%% 10. Best approximation
ATAPformats
%%
% An old idea, going back to Chebyshev himself and earlier to Poncelet, is
% to look for a polynomial $p^*$ of specified degree $n$ that is the _best
% approximation_ to a given continuous function $f$ in the sense of
% minimizing the $\infty$-norm of the difference on an interval [Poncelet
% 1835, Chebyshev 1854 & 1859]. (A best approximation is also called a
% _Chebyshev approximation,_ but we shall avoid this usage to minimize
% confusion. Other terms for the same idea include _minimax_ and _equiripple._) It is known that
% $p^*$ exists and is unique, as we shall prove below. There is a Chebfun
% command |remez| for computing these approximants, due to Ricardo
% $\hbox{Pach\'on}$: if $f$ is a chebfun, then |remez(f,n)| is the chebfun
% corresponding to its best approximation of degree $n$. For details see
% $\hbox{[Pach\'on}$ & Trefethen 2009].
%%
% We shall argue in Chapter 16 that best approximations in the
% $\infty$-norm are not always as useful as one might imagine; Chebyshev
% interpolants are often as good or even better.
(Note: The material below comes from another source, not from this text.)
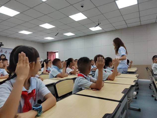 在这次课堂中,志愿者老师们先依次进行了自我介绍,然后通过了一场“破冰游戏”以此来让同学们和志愿者老师互相有一定的了解,志愿者老师还主持大家一起玩一个名叫“听到水果请举手”的游戏,教室里洒下了同学们欢快的笑声。在游戏结束后为了激发同学们对之后课程的兴趣,课程还设置了绕口令大pk,同学们踊跃参与,和同伴们一起完成了精彩的绕口令比赛。来自汉语国际教育专业的志愿者周雪发挥自己的特长,用一口标准的普通话示范朗读绕口令,同时运用专业知识教授同学们如何练习绕口令并展示朗读技巧,向学生们展示普通话的魅力。最后,志愿者老师陈怡洁带领同学们深情朗读《彩色的中国》,在这过程中,同学们在神采奕奕,抑扬顿挫之间把对祖国的爱展现得淋漓尽致。

Nevertheless, they
% represent an elegant and fundamental idea and a line of investigation
% going back more than 150 years. So for the moment, let us enjoy them.
%%
% For example, here are the best approximants of degree 2 and 4 to $|x|$,
% together with their _error curves_ $(f-p^*)([-1,1])$:
%%
% \vskip -2em
x = chebfun('x'); f = abs(x);
for n = 2:2:4
subplot(1,2,1), hold off, plot(f,'k'), grid on
[p,err] = remez(f,n); hold on, plot(p,'b'), axis([-1 1 -.2 1.2])
FS = 'fontsize';
title(['Function and best approx, n = ' int2str(n)],FS,9)
subplot(1,2,2), hold off, plot(f-p), grid on, hold on
axis([-1 1 -.15 .15]), title('Error curve',FS,9)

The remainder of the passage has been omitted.